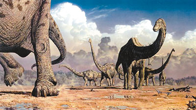 牲畜放屁排出溫室氣體甲烷,是全球暖化元兇之一。英國利物浦約翰穆爾斯大學等機構研究發現,在距今約2.5億年到6,500萬年的中生代、恐龍統治地球時(見圖),雷龍等蜥腳類草食巨型恐龍放屁所排放的甲烷量,相等於當今自然和人類活動的溫室氣體總和,在當時引發全球暖化。
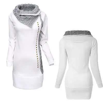 Женский Повседневный пуловер с длинным рукавом, белый свитер с высоким воротником и капюшоном, Осень-зима
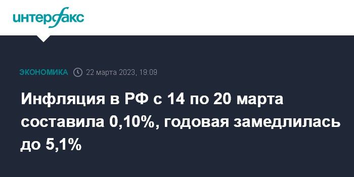 Инфляция в РФ с 14 по 20 марта составила 0,10%, годовая замедлилась до 5,1%
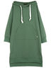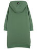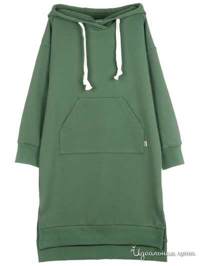 Платье ниже колена, перед укорочен, рукав длинный на манжете. Спереди карман "кенгуру". В капюшоне лента. В боковых швах разрезы. Изготовлено из петельчатого футера с эластаном.
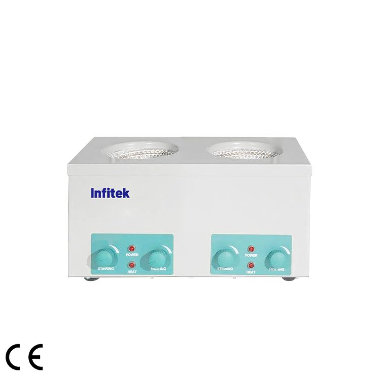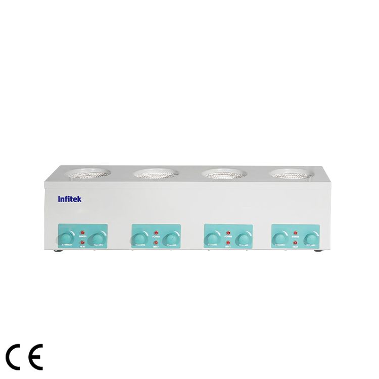 1. Mode de chauffage à régulation électronique de la température. Le chauffage et l’agitation peuvent se dérouler simultanément ; réglage de la vitesse en continu.

════════════════════

TASK GOAL: Reproduce exactly, and only, the lines from the one holding "Инфляция в РФ" through the final line of the entries. Do not include the pictures.

RESULT:
 Инфляция в РФ с 14 по 20 марта составила 0,10%, годовая замедлилась до 5,1%
 Платье ниже колена, перед укорочен, рукав длинный на манжете. Спереди карман "кенгуру". В капюшоне лента. В боковых швах разрезы. Изготовлено из петельчатого футера с эластаном.
 1. Mode de chauffage à régulation électronique de la température. Le chauffage et l’agitation peuvent se dérouler simultanément ; réglage de la vitesse en continu.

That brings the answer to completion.